The case of Kelo vs. New London eventually reached the U.S. Supreme Court in 2005.  In one of the most controversial rulings in its history, the Supreme Court ruled in a 5-4 decision against Kelo and her neighbors.  The five Republican justices ruled that economic development was a “public use” under the Fifth Amendment to the U.S. Constitution.   (The same court that ruled “corporations are people”).

Pfizer Abandons New London Headquarters 4 Years After Landmark Eminent Domain Case

In the end, the historic homes were razed, nothing was ever built and when the tax credits ran out, Pfizer pulled up and left New London.

So the City of Richmond with almost half of the city’s residential mortgage holders under water became the first city in the country to offer to purchase mortgages of distressed homeowners from Wall Street banks and other lenders using eminent domain. 

The city council approved a plan in April to allow the city to use its eminent domain authority to purchase loans in order to modify them and allow families to avoid foreclosure and stay in their homes. 

According to Richmond Mayor Gayle McLaughlin, “We are stepping in by taking these troubled loans off the hands of the banks, and we’re paying them fair market value for these loans.  And then we’re working with the homeowners to refinance and modify loans in line with current home values.  We call on the banks to voluntarily sell us these loans, and if they don’t cooperate, we will be considering eminent domain”.

Wells Fargo and three other banks as well as the Federal Housing Finance Agency filed two lawsuits alleging that the plan is an illegal abuse of eminent domain.

So the Wall Street Banks and the Obama Administration’s Federal Housing Finance Agency are fighting against Richmond and the U.S. Citizens who bailed out the banks.  What some assholes.

So anyway, as of September 20, 2013 a federal district judge, Charles Breyer dismissed the Wells Fargo suit.  Under Richmond’s plan it would be able to buy 624 mortgages at the present market value from investors and modify the loans.  The lower mortgage payments would enable some residents to avoid foreclosure and reduce neighborhood blight and boost home values.

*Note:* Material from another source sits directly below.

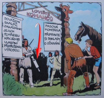 Pozorní čtenáři Rychlých šípů zajisté potvrdí, že některé detaily kreseb skrývají v sobě určitá tajemství (a je to tak dobře). Jedním z takových detailů, který se nám nedaří rozšifrovat, je předmět, který je v příběhu Rychlonožkův indiánský sen zobrazen (zavěšen?) u pasu indiána střežícího bránu lovišť Komančů.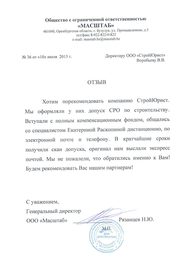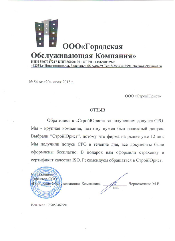 Отзывы клиентов "СтройЮрист" по вступлению в СРО в Нижнем Тагиле

The city of Richmond's next step is to try to partner with other cities in order to split the costs. There are half a dozen potential candidates, ranging from El Monte and Vallejo, Calif., to places like Seattle that are exploring the idea. 

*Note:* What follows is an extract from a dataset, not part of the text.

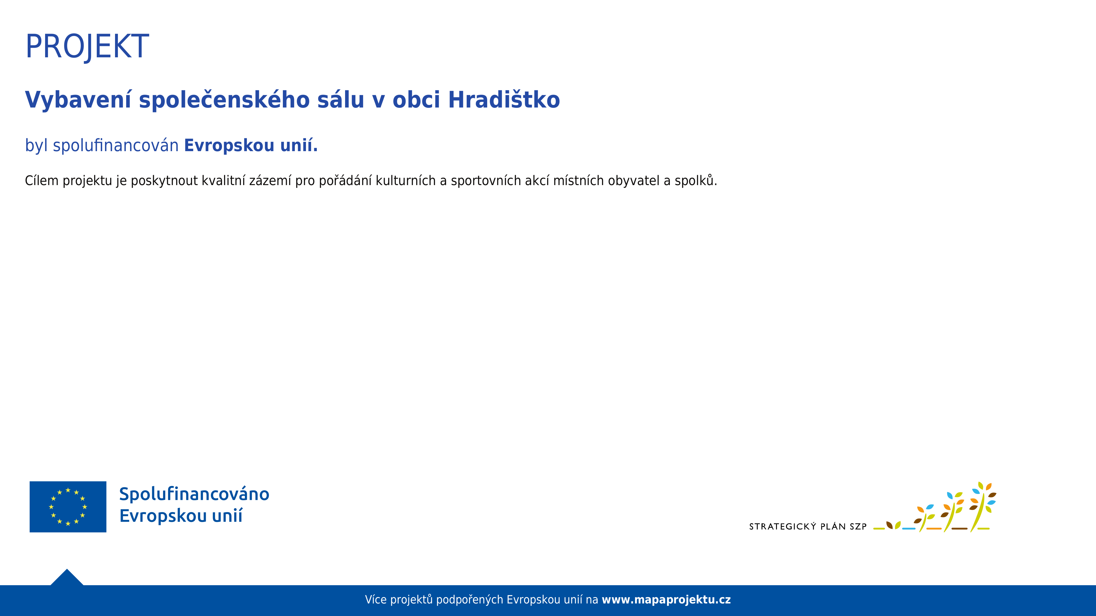 Předmětem projektu je vybavení do sálu, které rozšíří možnosti využití sálu pro organizaci kulturních a společenských aktivit. Cílem projektu je poskytnout kvalitní zázemí pro pořádání kulturních a sportovních akcí místních obyvatel a spolků. Přínosem projektu budou lepší podmínky pro aktivity, které už v sále v současné době probíhají, a zároveň se vytvoří podmínky pro konání nových aktivit.

Well the city of Richmond’s plan has more hurdles to jump before its plan can be enacted, but bravo to Richmond and their fight for their city and their people against the government behemoth that has thus far enriched crooked Wall Street Banks that have bankrupted cities across the nation.  They have used a crooked Supreme Court ruling to the advantage of their people.

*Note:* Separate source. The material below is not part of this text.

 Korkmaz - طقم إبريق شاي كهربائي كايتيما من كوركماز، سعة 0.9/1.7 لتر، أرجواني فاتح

Don’t forget the banks created the mortgage mess when they packaged bad mortgages mixed with good mortgages into securities.  They then paid the bond rating agencies to rate these crap securities as AAA so that they could be unloaded on unsuspecting investors. 

So the investors, the homeowners and taxpayers took the hit and the banks got bailed out and now want to foreclose and take the property too.

So one for the American people.  Let’s hope the city of Richmond is successful in its endeavor to save their community.